Abstract

In human immunodeficiency virus type 1 (HIV-1) subtype B infections, the emergence of viruses able to use CXCR4 as a coreceptor is well documented and associated with accelerated CD4 decline and disease progression. However, in HIV-1 subtype C infections, responsible for more than 50% of global infections, CXCR4 usage is less common, even in individuals with advanced disease.
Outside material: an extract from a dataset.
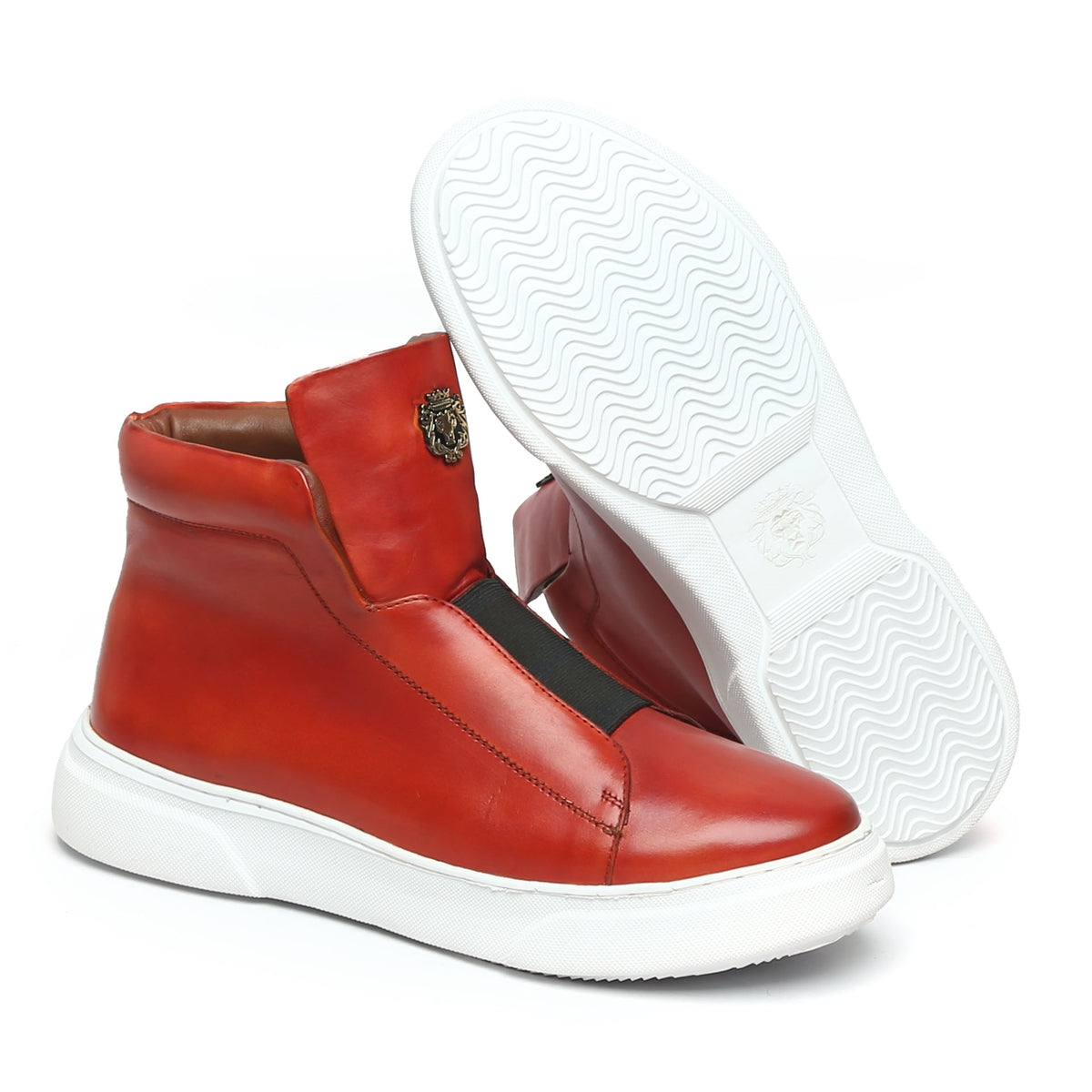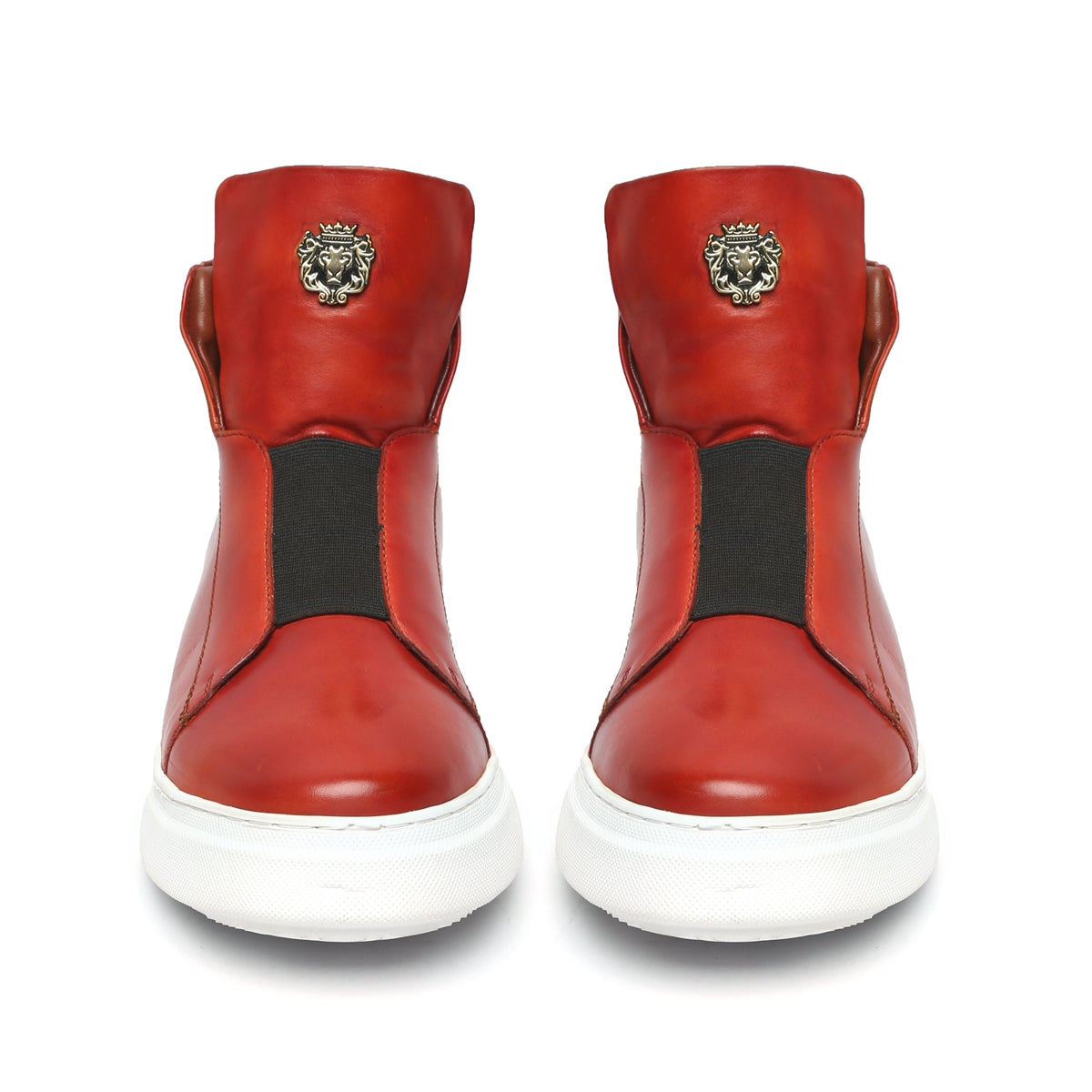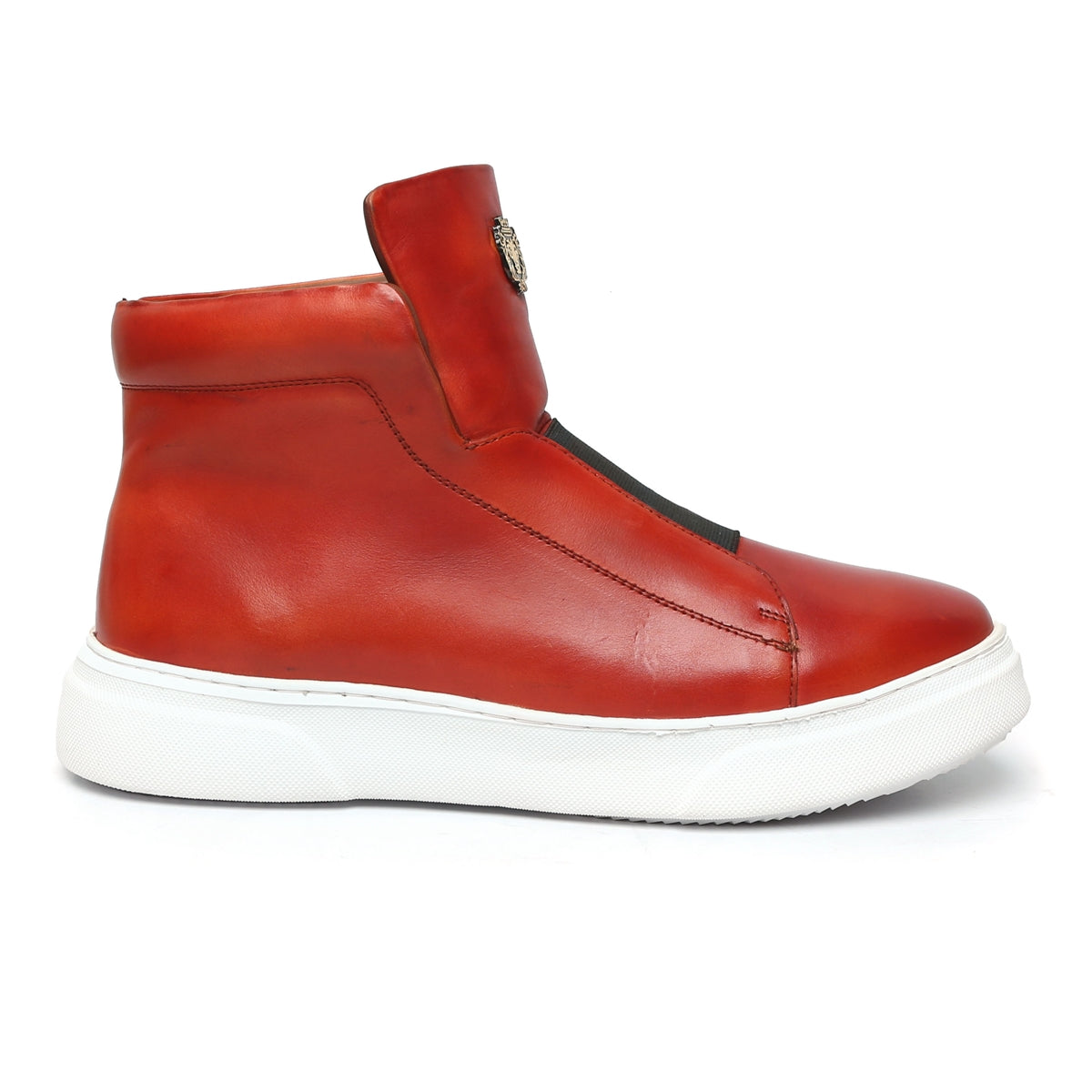 Hot Red Color Mid-Top Sneakers in Stretchable Closure by Brune & Bareskin

A reliable phenotype prediction method based on genetic sequence analysis could provide a rapid and less expensive approach to identify possible CXCR4 variants and thus increase our understanding of subtype C coreceptor usage. For subtype B V3 loop sequences, genotypic predictors have been developed based on position-specific scoring matrices (PSSM). In this study, we apply this methodology to a training set of 279 subtype C sequences of known phenotypes (228 non-syncytium-inducing [NSI] CCR5(+) and 51 SI CXCR4(+) sequences) to derive a C-PSSM predictor. Specificity and sensitivity distributions were estimated by combining data set bootstrapping with leave-one-out cross-validation, with random sampling of single sequences from individuals on each bootstrap iteration. The C-PSSM had an estimated specificity of 94% (confidence interval [CI], 92% to 96%) and a sensitivity of 75% (CI, 68% to 82%), which is significantly more sensitive than predictions based on other methods, including a commonly used method based on the presence of positively charged residues (sensitivity, 47.8%). A specificity of 83% and a sensitivity of 83% were achieved with a validation set of 24 SI and 47 NSI unique subtype C sequences. The C-PSSM performs as well on subtype C V3 loops as existing subtype B-specific methods do on subtype B V3 loops. We present bioinformatic evidence that particular sites may influence coreceptor usage differently, depending on the subtype.